Pictures aside, reproduce exactly and only the lines below, starting at the one containing "Laserový dálkoměr a" and ending at the last line.

● ● ● ●

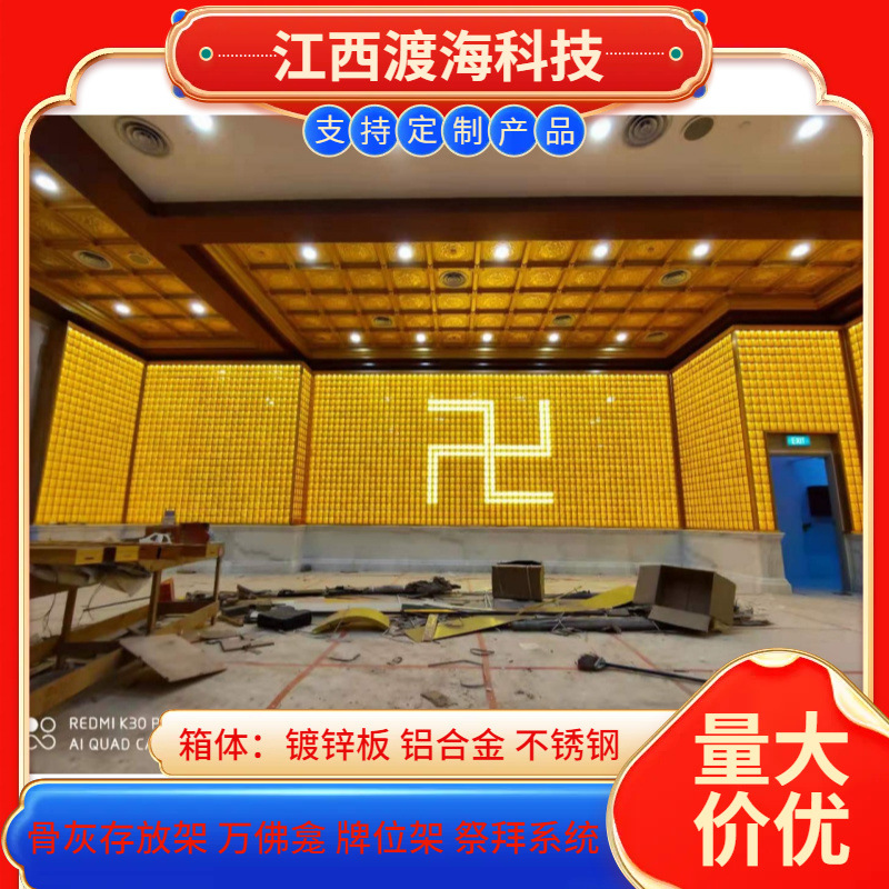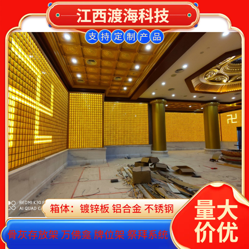 主营产品:骨灰存放架,骨灰盒寄存架,福寿架,万佛龛,牌位架,殡仪馆祭拜系统,寺院智能化管理系统、龙骨吊顶、智能骨灰寄存架
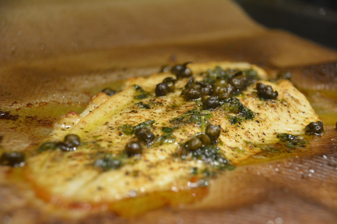 Mir hat die Art und Weise den Fisch im Backofen unter dem Grill zu machen sehr gut gefallen. Es war unkompliziert, schnell, und fast geruchlos. Der Fisch war auf der oberen Seite leicht gebräunt und hatte auf der unteren Seite zartgegartes weisses Fleisch. Und die Kapern waren für mich der Knaller. Werde ich nächstes Mal als amuse bouche beim Apéritif servieren. Leicht gesalzen und knusprig, für mich tolles Knabberzeug.
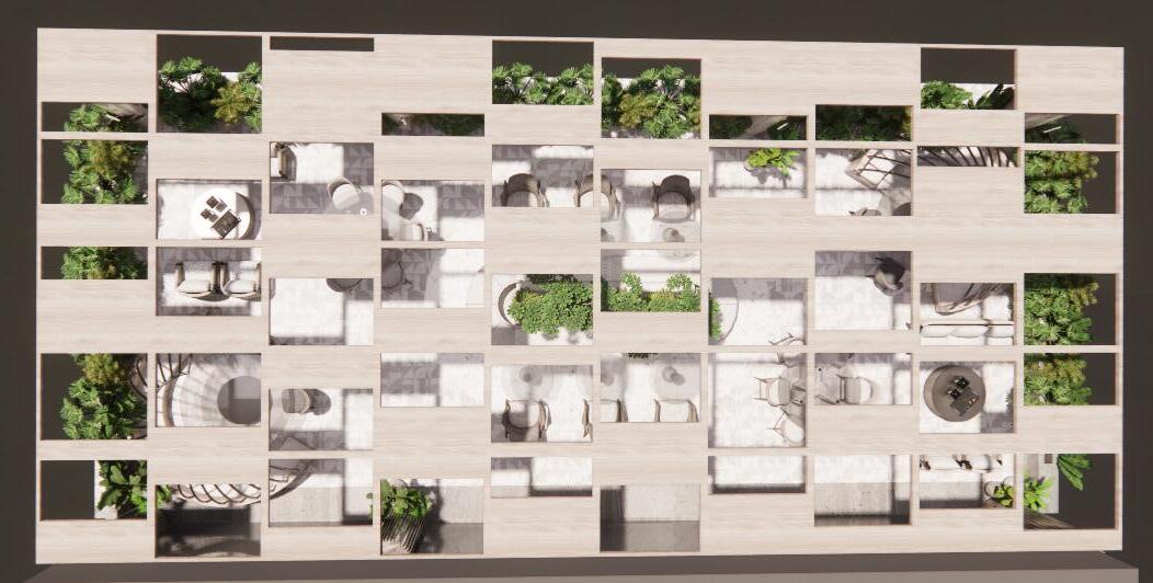 Our group project, developed with Arianna Moncayo and Micaela Torres, focuses on designing a transparent city that fosters community engagement through the seamless integration of public amenities and residential areas. We aim to achieve socioeconomic balance by incorporating job opportunities, social services, and study spaces to ensure inclusivity and accessibility. Easy navigation is prioritized with wellplanned pathways and interior circulation, enhancing connectivity. Sustainability is central, with eco-friendly solutions like green spaces and ground-level pathways. The versatile residential complexes accommodate diverse living conditions, while open and visible spaces promote security and a safe, transparent environment. Professor: Gloria
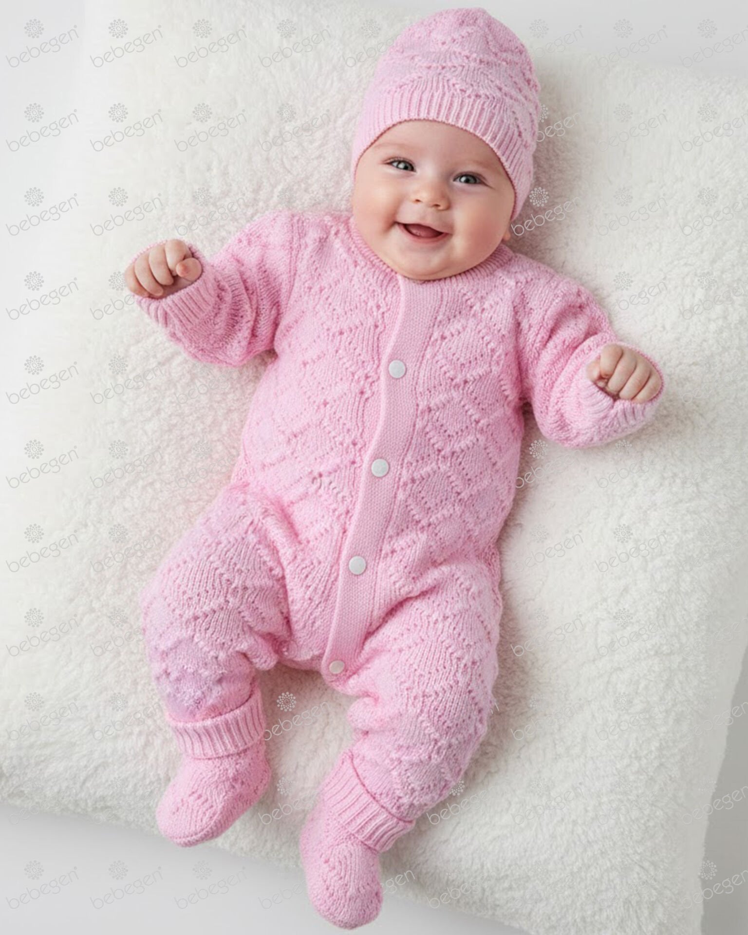 Pembe , Bereli Triko Kız Bebek Tulumu
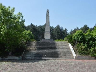 The monument is an obelisk with two bronze sculptures of partisan fighters holding their weapons. Reliefs show the Bulgarian people, a welcome to the Soviet Army and a celebration on September 9, 1944.
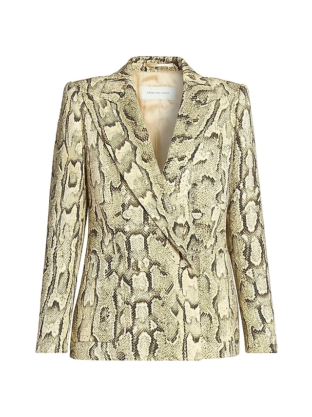 Snakeskin Print Double-Breasted Button-Front Jacket
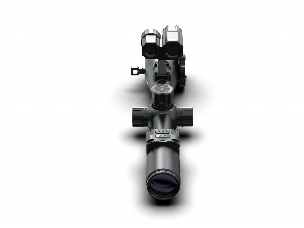 Laserový dálkoměr a balistický kalkulátor: Integrovaný balistický kalkulátor ve spojení s laserovým dálkoměrem na 1000 m automaticky vypočítá trajektorii střely a zobrazí bod dopadu na displeji přístroje. Tato pokročilá technologie výrazně pomůže při přesnosti zásahu.
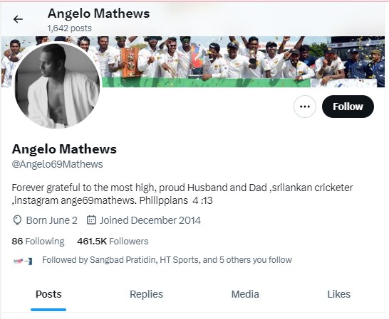 এরপর ম্যাথিউজের আসল এক্স অ্যাকাউন্টটিও খুঁজে পাওয়া যায়।

● ● ● ●

- [ANSWER SPACE]
 Laserový dálkoměr a balistický kalkulátor: Integrovaný balistický kalkulátor ve spojení s laserovým dálkoměrem na 1000 m automaticky vypočítá trajektorii střely a zobrazí bod dopadu na displeji přístroje. Tato pokročilá technologie výrazně pomůže při přesnosti zásahu.
 এরপর ম্যাথিউজের আসল এক্স অ্যাকাউন্টটিও খুঁজে পাওয়া যায়।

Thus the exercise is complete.